* [How to complete this task]:
All lines from the one containing "Über Baden-Württemberg hinaus" to the end of the listing below should be output exactly; omit the pictures.

BEGIN Dataset content

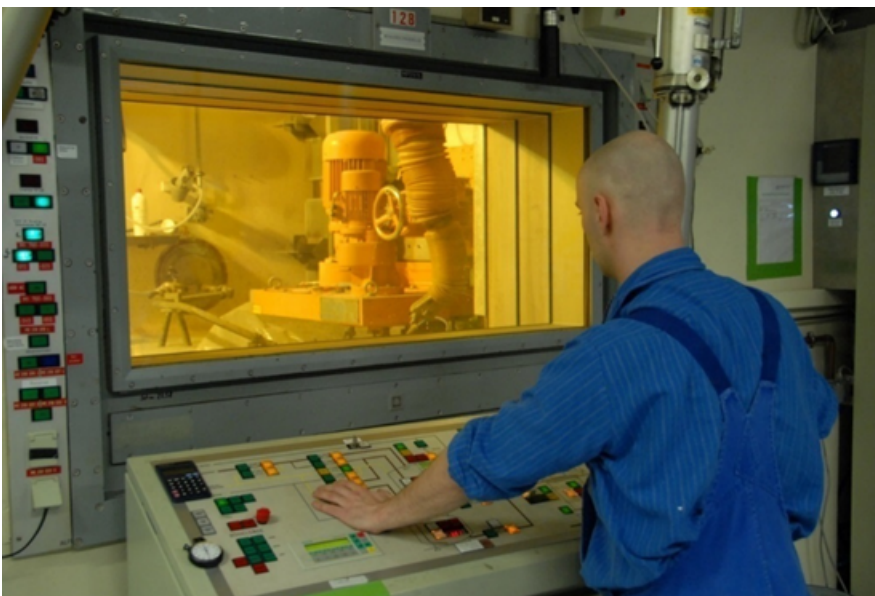
Abbildung 8: Zementierung von Verdampferkonzentraten bei den Entsorgungsbetrieben

Über Baden-Württemberg hinaus sind als Beispiele für bedeutende zentrale Abfallbehandlungsanlagen, in denen auch Abfälle aus Baden-Württemberg konditioniert werden, die GNS-Anlagen in Jülich, die Einschmelzanlage von Siempelkamp in Krefeld oder die Verbrennungsanlage von Cyclife in Nyköping (Schweden) zu nennen.
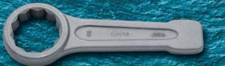
580SG (24-230 мм) Ударный накидной ключ легированная сталь (AF 1 1/16"-5")
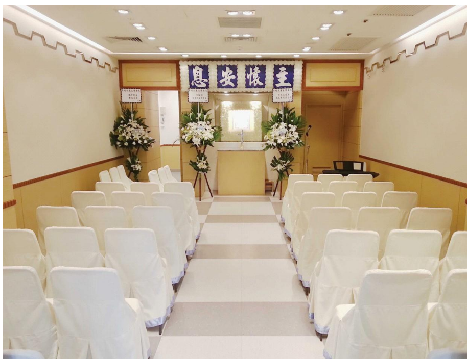
守夜靈寢室 (可容納20-40人)

END Dataset content

* [Task output]:
Über Baden-Württemberg hinaus sind als Beispiele für bedeutende zentrale Abfallbehandlungsanlagen, in denen auch Abfälle aus Baden-Württemberg konditioniert werden, die GNS-Anlagen in Jülich, die Einschmelzanlage von Siempelkamp in Krefeld oder die Verbrennungsanlage von Cyclife in Nyköping (Schweden) zu nennen.
580SG (24-230 мм) Ударный накидной ключ легированная сталь (AF 1 1/16"-5")
守夜靈寢室 (可容納20-40人)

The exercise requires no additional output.